Pipes and Filters Pattern
Chain processing steps with independent filters connected by pipes. A pattern for data transformation pipelines where each step is reusable and composable.
Note: This guide follows English-language naming conventions and terminology standards common in international development teams. Examples use English identifiers and comments to maximize compatibility across codebases and tooling.
Pipes and Filters Pattern
Overview
The Pipes and Filters Pattern breaks a complex processing task into a sequence of smaller, independent steps (filters) connected by channels (pipes). Each filter receives input, performs a transformation, and passes output to the next pipe. Filters are reusable, composable, and testable in isolation.
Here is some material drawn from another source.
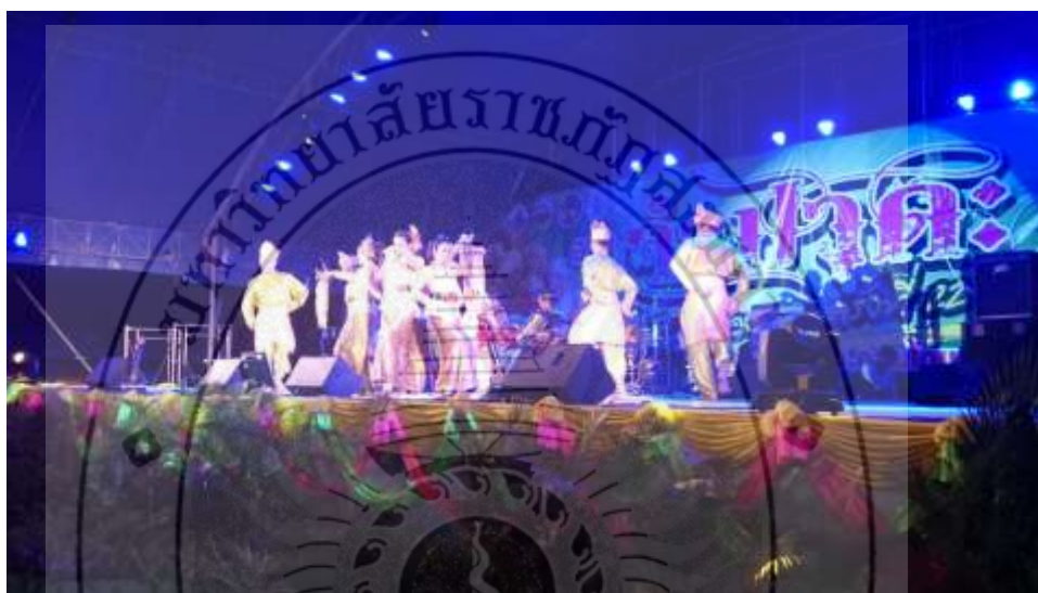
ภาพที่ 42 : การแสดงครั้งแรกในงานวันจำปาตะ

การแสดงชุดตารีจำปาตะ เป็นนวัตกรรมทางการแสดงที่สร้างสรรค์ขึ้นเพื่อช่วยประชาสัมพันธ์และส่งเสริมการประกอบอาชีพการทำสวนจำปาตะในเขตพื้นที่อำเภอควนโดน จังหวัดสตูล เมื่อสร้างสรรค์เสร็จสมบูรณ์ได้นำเผยแพร่ครั้งแรกเมื่อวันที่ 22 สิงหาคม 2559 โดยใช้แสดงในงานวันจำปาตะของอำเภอควนโดน จังหวัดสตูล การแสดงครั้งนี้ได้รับการชื่นชมจากชาวบ้านผู้มาชมงาน และศิลปินพื้นบ้านดาระในพื้นที่อำเภอควนโดน จังหวัดสตูล ดังภาพต่อไปนี้

This pattern is ideal for data processing pipelines, ETL workflows, and request transformation chains.
When to Use
Use the Pipes and Filters Pattern when:
- A complex task can be broken into sequential, independent steps
- You need to reorder, add, or remove processing steps without rewriting code
- Steps are reusable across different pipelines
- You want to test each transformation in isolation
- You are building ETL, data processing, or request/response transformation pipelines
Solution
Python
from typing import Callable, Any
from dataclasses import dataclass
Filter = Callable[[Any], Any]
def pipe(*filters: Filter) -> Filter:
def pipeline(data: Any) -> Any:
result = data
for f in filters:
result = f(result)
return result
return pipeline
# Filters — each is a pure function
def parse_csv(raw: str) -> list[dict]:
lines = raw.strip().split("\n")
headers = lines[0].split(",")
return [
dict(zip(headers, line.split(",")))
for line in lines[1:]
]
def filter_active(records: list[dict]) -> list[dict]:
return [r for r in records if r.get("status") == "active"]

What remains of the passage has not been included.